Besides BPS, the growth of wild-type and HMX1 deletion mutants was also tested and compared in a liquid medium containing 50% RPMI-1640 and 50% human serum, considered as a medium free of accessible iron for the yeast. Significant difference in growth was observed in the case of PY0001, PY0002, 465/2018, and DE35762 when they were compared to their knockout counterparts (p < 0.001, p < 0.01, p < 0.05, and p < 0.0001, respectively; Figure 4, Supplementary Table S2). Interestingly, in two of these isolates (465/2018 and DE35762), the mutant strains showed a higher growth by 24 h; in the other cases, the deletion strain showed impaired growth. The isolate 2251/2018 also showed weaker growth, but it did not differ statistically from the growth of the HMX1 mutant strain AI0007. AI0009 showed lower growth than DE6507 in all replicates; however, the difference was not significant.

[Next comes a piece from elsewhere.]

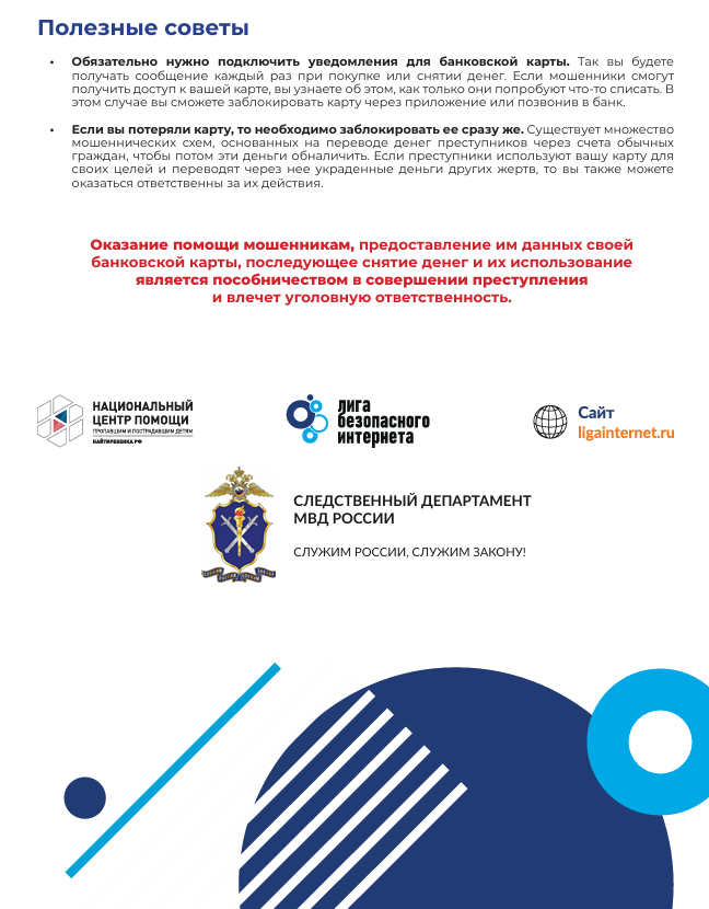 В рамках организации и проведения Единого урока использовались методические рекомендации и справочные материалы Ассоциации участников рынка интернет-индустрии противодействии «Лига безопасного интернета» , а также информационные материалы о финансовому мошенничеству с использованием информационно-телекоммуникационных технологий, разработанные Генеральной прокуратурой Российской Федерации: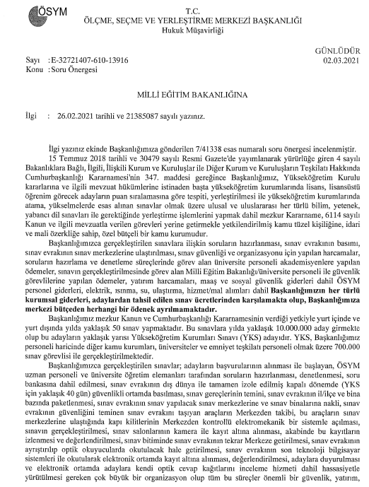 CHP Karaman Milletvekili İsmail Atakan Ünver, Ölçme Seçme ve Yerleştirme Merkezi (ÖSYM)tarafından hazırlanan YKS başvuru ücretlerine yapılan zammı Meclis gündemine taşıdı. Enflasyon rakamının da üzerinde bir oranla yüzde 29 zamlanan sınav başvuru ücretleri, her bir sınav başına 70 TL iken 90 TL olarak belirlenmişti.Ankara Büyükşehir Belediyesi'nin ihtiyaç sahibi ailelerin çocuklarının üniversite sınav ücretlerini karşılayacağını hatırlatan CHP'li Ünver, başvuru ücretlerindeki artışın sebebini sordu. Ayrıca Ünver, ÖSYM tarafından gerçekleştirilen sınavlarda öğrencilerden alınan sınav başvuru ücretlerinin ve sınavlara harcanan toplam kaynak miktarının ne kadar olduğunu sordu."ÖDENEK ALMIYORUZ" DİYE YANITIÖSYM Başkanlığı'ndan gelen yanıt ise dikkat çekti. ÖSYM, "ÖSYM personel giderleri, elektrik, ısınma, su, ulaştırma, hizmet/mal alımları dahil Başkanlığımızın her türlü kurumsal giderleri, adaylardan tahsil edilen sınav ücretlerinden karşılamakta olup, Başkanlığımıza merkezi bütçeden herhangi bir ödenek ayrılmamaktadır" diye yanıt verdi.İşte o yanıt:

3.4. Hemolytic Activity Was Not Affected by HMX1 Deletion

Since it was known that two of the strains were blood isolates (Table 1)—hence considered virulent—on the one hand we intended to consider whether it is evincible by the measurement of α- and β-hemolytic indices that these two isolates are indeed virulent, and on the other hand we wanted to assess the influence of the deletion of HMX1 on hemolytic activity. When deletion mutant strains were compared to their parental wild-type isolates, significant differences were only found in the case of the non-mycosis isolate 2251/2018 (p < 0.01; 2251/2018 > AI0007; α-hemolysis), the mycosis isolate DE6507 (p < 0.05, DE6507 < AI0009; α-hemolysis), and the commercial isolate PY0001 (p < 0.01, PY0001 > AI0001; β-hemolysis). Hence, strain level comparisons could not reveal a clear tendency towards the effect of HMX1 loss of function (Figure 5, Supplementary Table S3).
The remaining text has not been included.